Wednesday, July 7, 2010

"A Family Like God's" (Part 12)

“So he got up and went to his father. But while he was still a long way off, his father saw him and was filled with compassion for him; he ran to his son, threw his arms around him and kissed him. The son said to him, 'Father, I have sinned against heaven and against you. I am no longer worthy to be called your son.' "But the father said to his servants, 'Quick! Bring the best robe and put it on him. Put a ring on his finger and sandals on his feet. Bring the fattened calf and kill it. Let's have a feast and celebrate. For this son of mine was dead and is alive again; he was lost and is found.' So they began to celebrate.” (Luke 15:20-23 NIV).

Today we will look at the seventh principle of in developing a family like God’s: Never allow the other to come home without a warm welcome. Home ought to be a place of peace and security. You can communicate this with a warm welcome when your spouse or your children arrive. Don’t be too disappointed if it is seemingly ignored or taken for granted. Most good things are in our busy lives. But, they make a huge difference in the crises of life. Can you imagine what the Prodigal would have done if he didn’t feel he could have gone home? The story may have had a much different ending.
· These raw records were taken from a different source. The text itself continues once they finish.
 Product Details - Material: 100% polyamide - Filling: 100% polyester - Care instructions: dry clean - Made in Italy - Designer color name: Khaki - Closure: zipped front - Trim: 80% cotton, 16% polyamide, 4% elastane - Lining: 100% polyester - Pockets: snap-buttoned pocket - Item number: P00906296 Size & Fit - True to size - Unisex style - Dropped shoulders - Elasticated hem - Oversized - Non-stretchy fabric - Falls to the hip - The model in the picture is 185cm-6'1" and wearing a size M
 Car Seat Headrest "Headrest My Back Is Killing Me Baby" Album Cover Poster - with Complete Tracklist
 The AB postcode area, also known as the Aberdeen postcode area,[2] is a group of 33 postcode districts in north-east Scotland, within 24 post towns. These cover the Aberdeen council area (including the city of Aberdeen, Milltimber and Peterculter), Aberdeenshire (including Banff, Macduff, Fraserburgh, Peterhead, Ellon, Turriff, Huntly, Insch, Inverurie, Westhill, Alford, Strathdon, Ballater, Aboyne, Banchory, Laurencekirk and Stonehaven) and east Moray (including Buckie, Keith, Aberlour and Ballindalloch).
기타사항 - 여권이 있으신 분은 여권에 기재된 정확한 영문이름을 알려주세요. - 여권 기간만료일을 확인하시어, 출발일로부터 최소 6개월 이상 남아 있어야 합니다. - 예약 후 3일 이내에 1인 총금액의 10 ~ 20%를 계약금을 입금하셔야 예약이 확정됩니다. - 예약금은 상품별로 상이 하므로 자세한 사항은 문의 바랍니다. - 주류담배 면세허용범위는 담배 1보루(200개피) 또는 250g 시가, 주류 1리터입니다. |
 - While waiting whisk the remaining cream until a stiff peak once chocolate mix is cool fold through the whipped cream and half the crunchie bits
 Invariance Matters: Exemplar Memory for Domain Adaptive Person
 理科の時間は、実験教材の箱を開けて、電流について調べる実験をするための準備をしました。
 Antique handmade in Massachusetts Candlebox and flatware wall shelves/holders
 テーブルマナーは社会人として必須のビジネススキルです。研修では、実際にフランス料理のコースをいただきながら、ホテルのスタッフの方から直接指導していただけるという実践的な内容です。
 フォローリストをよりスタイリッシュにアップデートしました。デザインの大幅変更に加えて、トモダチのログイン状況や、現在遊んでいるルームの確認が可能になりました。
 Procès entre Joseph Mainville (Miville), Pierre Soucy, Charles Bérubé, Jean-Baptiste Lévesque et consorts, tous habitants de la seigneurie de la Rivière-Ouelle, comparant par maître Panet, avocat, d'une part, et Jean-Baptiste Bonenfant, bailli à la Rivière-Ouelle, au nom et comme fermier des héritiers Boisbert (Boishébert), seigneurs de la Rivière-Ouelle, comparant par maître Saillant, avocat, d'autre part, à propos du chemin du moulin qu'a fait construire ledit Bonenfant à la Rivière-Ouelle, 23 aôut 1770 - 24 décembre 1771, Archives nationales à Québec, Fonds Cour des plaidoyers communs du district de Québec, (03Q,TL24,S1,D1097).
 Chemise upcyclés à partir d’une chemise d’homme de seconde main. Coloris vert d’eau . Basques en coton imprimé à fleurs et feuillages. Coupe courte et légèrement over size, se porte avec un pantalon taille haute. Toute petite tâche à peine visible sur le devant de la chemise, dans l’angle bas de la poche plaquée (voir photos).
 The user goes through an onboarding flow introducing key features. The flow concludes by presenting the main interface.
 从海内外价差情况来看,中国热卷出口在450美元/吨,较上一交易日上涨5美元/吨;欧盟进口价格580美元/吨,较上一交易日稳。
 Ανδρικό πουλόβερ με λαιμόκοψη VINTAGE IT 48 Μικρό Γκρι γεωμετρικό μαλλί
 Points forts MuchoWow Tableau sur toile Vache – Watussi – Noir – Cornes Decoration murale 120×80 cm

It’s so easy to take for granted that we will have “another day.” We often get into a habitual pattern of believing that we will have more time to do all the things that we know we should do. I doubt there’s anyone who would argue the opposite view of this seventh principle. Yet, it is one of the most neglected relational skills we have. It’s one of the reasons that our children feel more comfortable at school or with their friends. It’s the basis for the development of every estrangement that exists in families today. When you feel more “at home” with someone else, it becomes easy to go with them instead of your family.

It all begins with creating a sense of safety and security at home. What better way to do that than making a commitment to warmly welcome each other when you get home for the day? Because of my travel schedule this past year I have been able to see David and Becca pretty often; and, of course, I see Kyle, Brandy, Faith and Logan, each week. However, it has been quite sometime since I’ve been able to see Aaron. He has been busy with school and we just haven’t made it down to Baton Rouge. Just the other day he told me he was planning on coming “home” the first part of August! What a thrill it will be to see him for an extended period of time! And, what a joy to know that he wants to come “home.” I know his home is now in Baton Rouge, but as with all of my children, my desire is to make sure they know their anchor point is where Mary and I live, as long as we live. That began many years ago.

For some of you, you must begin now. Time has slipped away. However, it is not too late to make your house a “home.” Start with that daily warm welcome!